In this Sunday's Arts & Leisure section, you'll find a chirpy little interview with multi-reedist Ben Wendel and pianist Dan Tepfer, in advance of their excellent new album, Small Constructions (Sunnyside), and next Wednesday's gig at the Rubin Museum of Art. We spoke in the basement lair of New York Times photographer Tony Cenicola, on the same day that Wendel and Tepfer taped the above footage at WBGO.
The interview was held for Snapshot, a fairly recent A&L fixture intended to shine a light on breakout young talent. (In recent weeks it has featured comic actor Mather Zickel, non-comic actress Julia Garner, and Brit-soul singer Jessie Ware.) I was glad to have snuck the first improvising musicians into rotation.
But of course, space limitations meant that our conversation had to be truncated, and that some cool things hit the figurative cutting-room floor. One tangent in particular struck me as worth salvaging and posting here. Wendel's comment about the absence of a normalizing incentive provided by major labels was of special interest to me; I tossed off a similar comment recently in conversation with Ben Ratliff (something about "the upside of the collapsed infrastructure"), and it was good to hear validation from an informed source.
The two of you belong to a loose coalition of players roughly the same age, who have this total fluidity with style. Do you feel like you’re part of a movement? And do you feel on the same page with each other in this regard?
Wendel: Yeah, definitely. Especially in New York there’s really tight-knit communities of friends, and I think it’s very common to gravitate towards people who have shared common interests or likes in music. I definitely feel that way. Even though within that range of people that you’re describing there’s a really wide aesthetic range, there’s definitely this common aesthetic thread. I remember someone recently defined jazz as the music that jazz musicians play at the time that they’re living. That’s us: we love Radiohead and Bon Iver, and we love Mussogorsky and we love Duke Ellington. Hopefully that’s all going to be expressed through what we create.
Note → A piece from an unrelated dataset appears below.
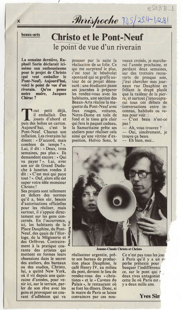Απόκομμα, χαρτί, 23×13 εκ., στα γαλλικά, δημοσίευσης άρθρου το οποίο σχολιάζει εικαστική πρόταση του Christo (Christo Vladimirov Javacheff) για το Pont Neuf στο Παρίσι.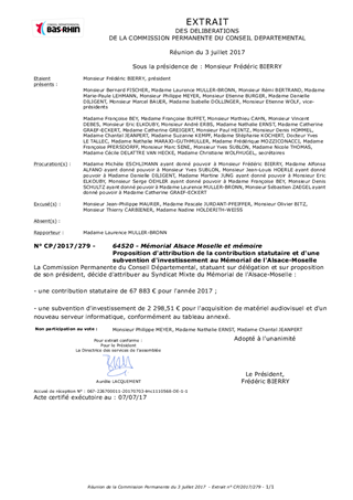 Proposition d'attribution de la contribution statutaire et d'une subvention d'investissement au Mémorial de l'Alsace-Moselle

Tepfer: I feel so much that way that I almost have to make a mental effort to think of what it would be if it weren’t that. It just seems so obvious. All the people I hang out with, we’re talking about what we find to be good music. Like the Duke Ellington quote, it just seems so obvious. This is good music, this is bad music. I don’t really know anybody who’s thinking in terms of a limitation of style. Everything is very clearly available to us at this point. I have a classical composer friend who’s in his 50s, and he was just saying that we’re so lucky these days. When he was coming up, you had to write serial music. Likewise in jazz, there was definitely a certain time where we were feeling these limitations. We live in a really exciting time in that respect.
Wendel: I feel like there’s a socioeconomic element to it too. Which is, like, we never even experienced even the idea of the bigger record deal, and having to conform to those industries. We missed that boat. I have friends that are 10 years older than me that were part of that experience, and know what’s gone. It’s like, well, I don’t even mourn the loss of anything. I never had it.
Tepfer: We’re literally in this position of just trying to make music that we like to listen to. Because there’s not going to be that many people buying the record, even if it’s a big success. Of six or seven billion people on earth, there’s going to be a number of people who feel probably pretty much the same way as I do, aesthetically speaking. We have access to all those people now.
Wendel: My sister, she does work in p.r. Her whole thing is, you’re not trying to please everyone anymore, you’re just trying to find your tribe. And if your tribe is .00001% of seven billion people, you’re fine.
Tepfer: It’s incredibly liberating. I really had that epiphany with the Goldberg Variations. Because I was doing this really strange project that hadn’t really been done that way before. And I’m sitting there and realizing that at certain points, I would do a take that I felt OK about. Like, “Oh. This is cool, I can put this out into the world.” And I realized that there’s literally a switch when that happens. And that was a total epiphany for me. Everything I make now is that. Nobody knows anything about what else is important. It used to be marketing and styles and all that stuff, but that’s literally not even relevant now to the marketplace.